Group All Methods For One Path
Chaining With `app.route()`
app.route(path) returns a chainable object — read once, attach multiple HTTP methods.
What you'll learn
- Use app.route to chain
- Recognize when this beats separate calls
When a single path has many HTTP methods, app.route(path) reduces
repetition.
The Long Way
app.get("/users/:id", getUser);
app.patch("/users/:id", updateUser);
app.put("/users/:id", replaceUser);
app.delete("/users/:id", deleteUser); The Chained Way
app.route("/users/:id")
.get(getUser)
.patch(updateUser)
.put(replaceUser)
.delete(deleteUser); Same behavior, one path string.
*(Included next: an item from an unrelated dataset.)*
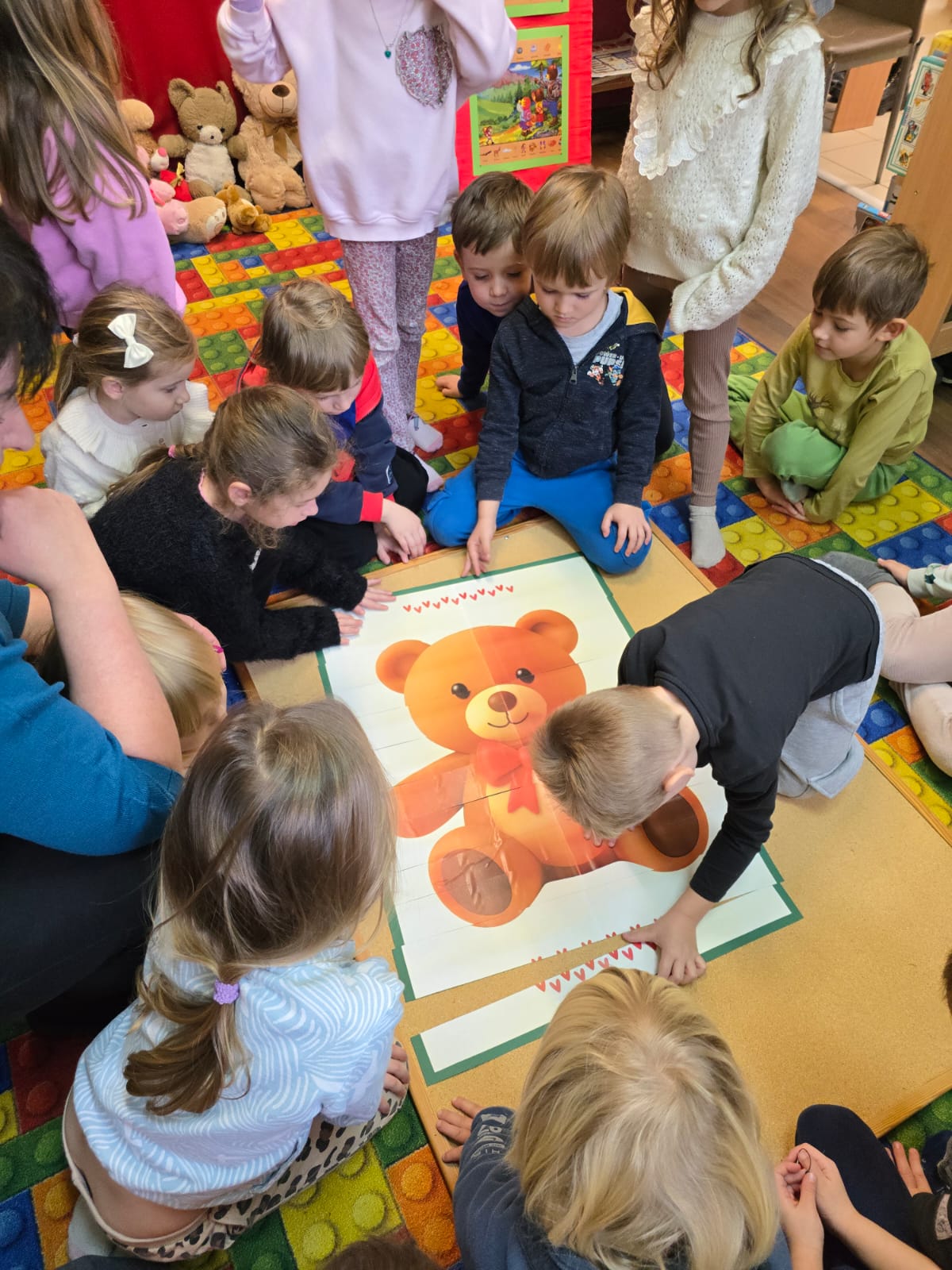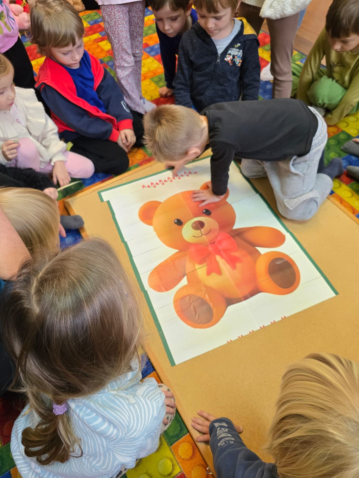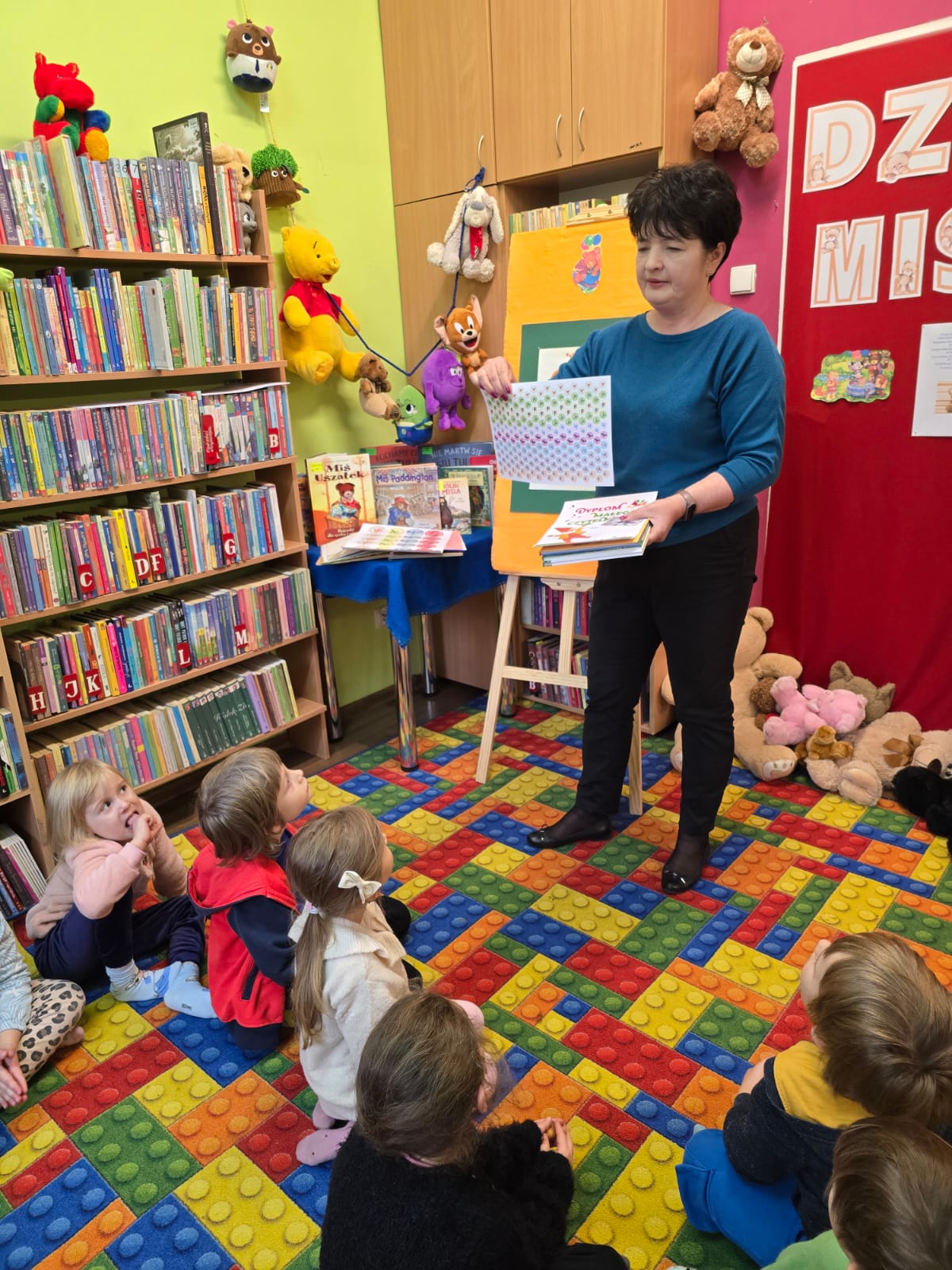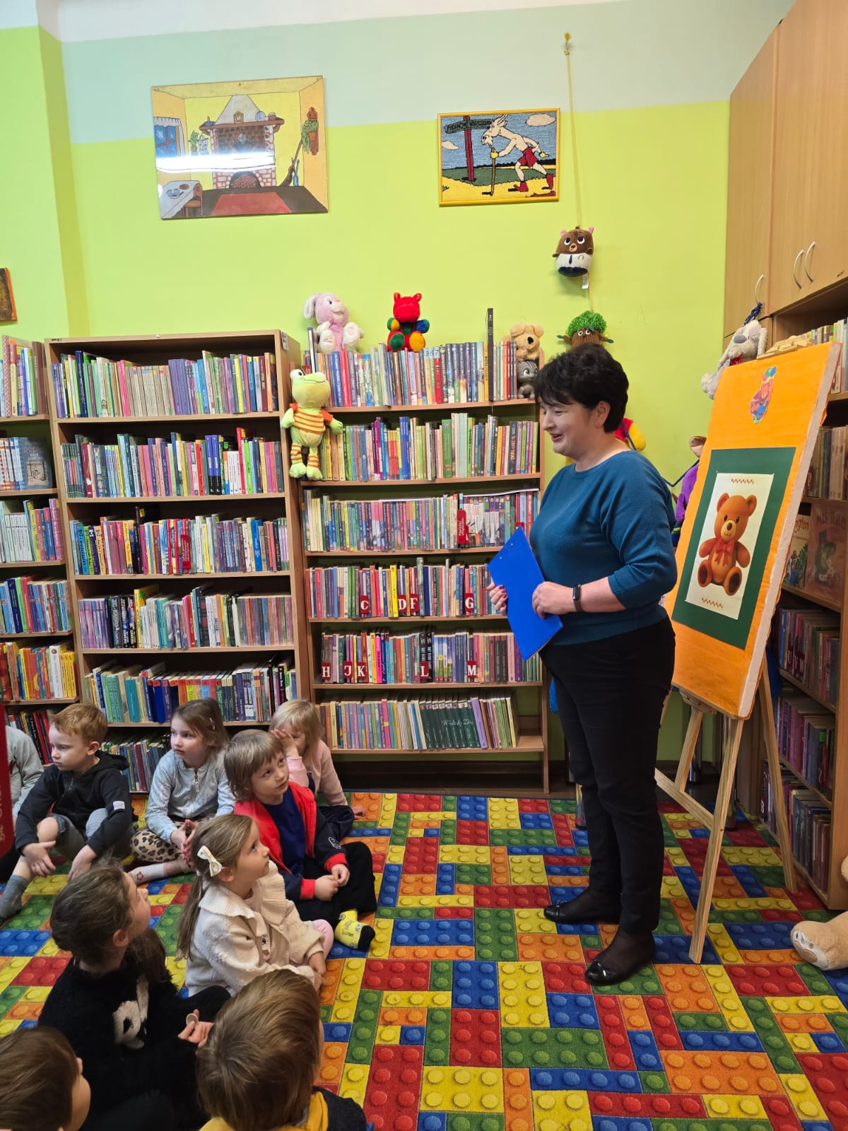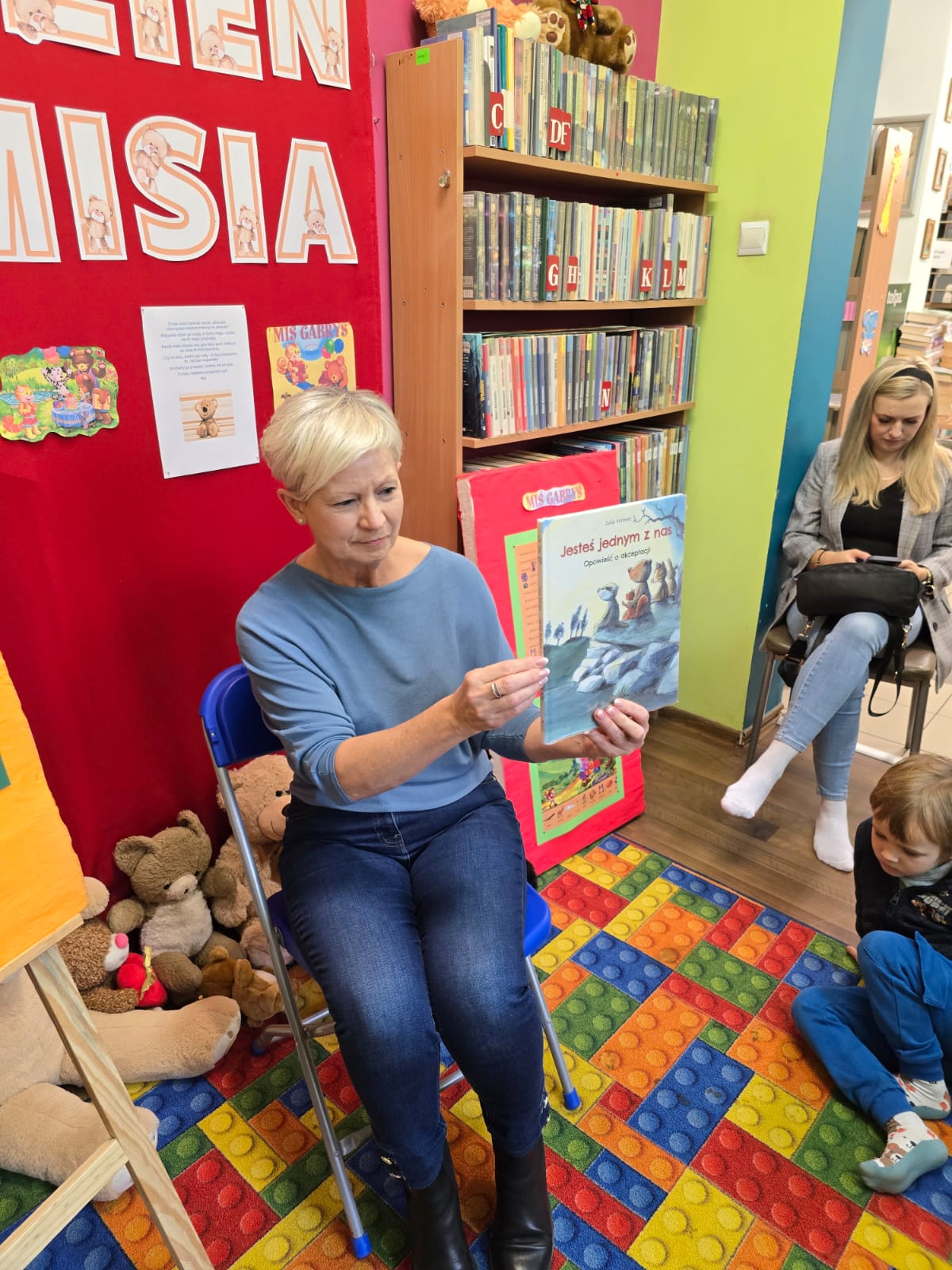 17 listopada 2025 r. odwiedziły nas przedszkolaki z grupy "Sówki” z Freblowskiego Przedszkola i Żłobka Kreatywne Maluchowo w Kielcach. Spotkanie odbyło się z okazji Światowego Dnia Pluszowego Misia, który obchodzony jest 25 listopada. Dzieci zobaczyły jak wyglądał miś dawniej, a jak wygląda obecnie. Dowiedziały się również wielu ciekawych rzeczy o niedźwiadkach. Poznały historię Pluszowego Misia. Wspólnie przeczytaliśmy fragment książki „Miś Gabryś” Iwony Krynickiej, w której treść przeplatała się z obrazkami, co dodatkowo angażowało najmłodszych uczestników. Następnie przedszkolaki wysłuchały książki „Jesteś jednym z nas" - Julii Volmert, wprowadzającej dzieci w temat akceptacji, przyjaźni i wzajemnego wsparcia. Dzieci doszły do wniosku, że przyjaźń ze swoją ukochaną maskotką jest bardzo ważna, ponieważ misiowi można powierzyć wszystkie swoje sekrety, te smutne i te radosne. Podczas zajęć okazało się, że maluszki bardzo dobrze znają różne misie: Paddingtona, Kubusia Puchatka, Misia Coralgola, Pandę, Gumisie i wiele innych. Pod koniec zajęć „Sówki” odgadywały zagadki, nauczyły się wierszyka o misiu oraz wesoło bawiły się podczas zabawy ruchowej „Stary niedźwiedź mocno śpi", która była radosnym podsumowaniem „misiowego” spotkania w Filii nr 12.

Less noise.
With Middleware
app.route("/users/:id")
.all(requireAuth)
.get(getUser)
.delete(requireAdmin, deleteUser); .all() adds middleware to every method on this path.
Same Thing on a Router
Router#route works the same way:
const r = Router();
r.route("/")
.get(listUsers)
.post(createUser);
r.route("/:id")
.get(getUser)
.patch(updateUser)
.delete(deleteUser); When To Use It
For resource files where the same path has 3+ methods, chaining is cleaner. For one-off routes, separate calls are clearer.
Personal style varies. The most important thing is consistency within your project.